[[ Data, beginning ]]
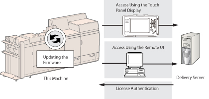 You can update the firmware of the machine to the most recent version using the "Register/Update Software." You can use this function from both the touch panel display and the computer (Remote UI).
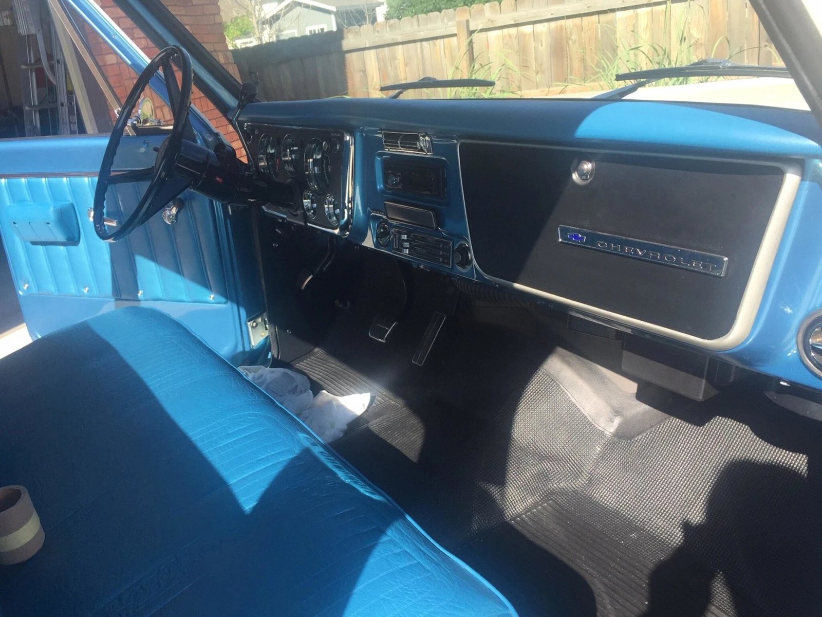 The interior is trimmed in blue vinyl with a color-matched dashboard and headliner as well as a black floor mat.
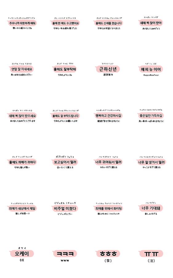 日本語と韓国語(読み方付き)吹き出しスタンプ 推しがいる生活 推し活 推し事 推しが尊い 推沼 おたく オタク 年末年始 お正月 あけおめ 冬 敬語☆★動くver.も販売中★☆
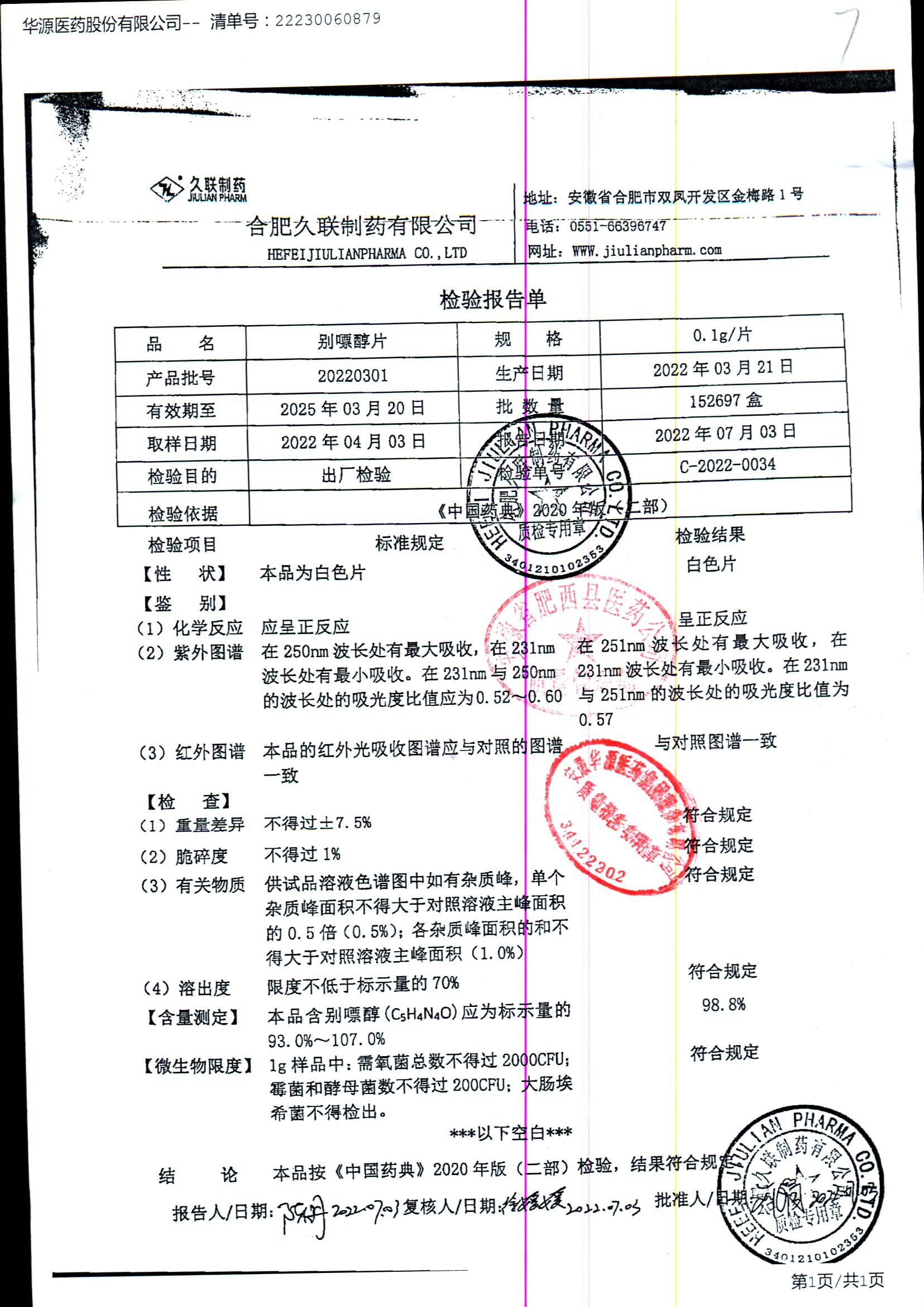 别嘌醇片 | 0.1g | 20220701 | 查看详情 |
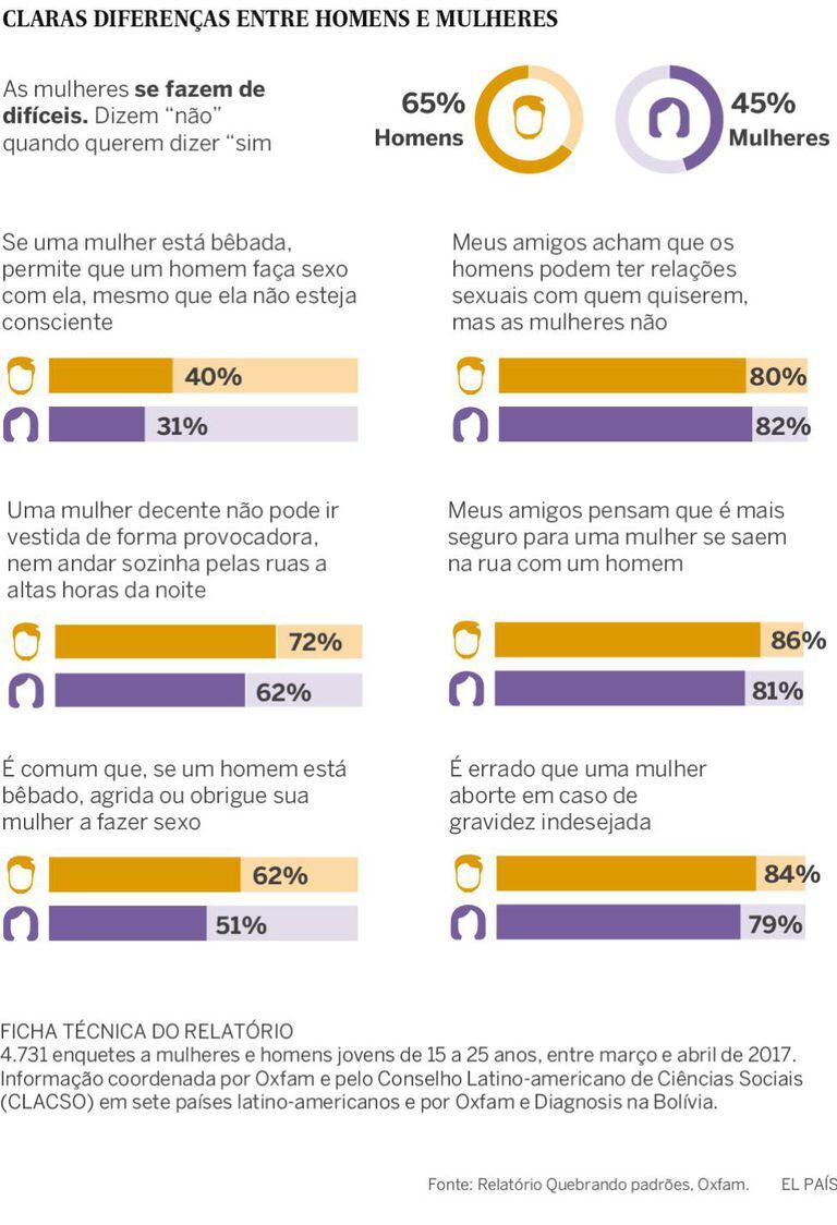 “É algo que têm em sua cabeça e reproduzem em seus comportamentos”, diz Belén Sobrino, responsável pelo relatório Rompendo Moldes: Transformar Imaginários e Normas Sociais para Eliminar a Violência Contra as Mulheres, da ONG Oxfam Intermon, que analisa jovens de 15 a 25 anos com mais de 4.000 questionários com pessoas de áreas urbanas e com ensino médio e universitário de oito países da América Latina: Bolívia, Colômbia, Cuba, El Salvador, Guatemala, Honduras, Nicarágua e República Dominicana. Mais de 80% concordam os homens podem ter relações sexuais com quem quiserem, mas que as mulheres não podem. E três em cada quatro consideram incorreto que uma mulher aborte em caso de gravidez indesejada.
[[ Data, end ]]
Task description:
What is needed is an exact copy of the lines from the line with "别嘌醇片 | 0.1g | 20220701 | 查看详情 |" to the end of the data above, both included, without any pictures.

Response:
 别嘌醇片 | 0.1g | 20220701 | 查看详情 |
 “É algo que têm em sua cabeça e reproduzem em seus comportamentos”, diz Belén Sobrino, responsável pelo relatório Rompendo Moldes: Transformar Imaginários e Normas Sociais para Eliminar a Violência Contra as Mulheres, da ONG Oxfam Intermon, que analisa jovens de 15 a 25 anos com mais de 4.000 questionários com pessoas de áreas urbanas e com ensino médio e universitário de oito países da América Latina: Bolívia, Colômbia, Cuba, El Salvador, Guatemala, Honduras, Nicarágua e República Dominicana. Mais de 80% concordam os homens podem ter relações sexuais com quem quiserem, mas que as mulheres não podem. E três em cada quatro consideram incorreto que uma mulher aborte em caso de gravidez indesejada.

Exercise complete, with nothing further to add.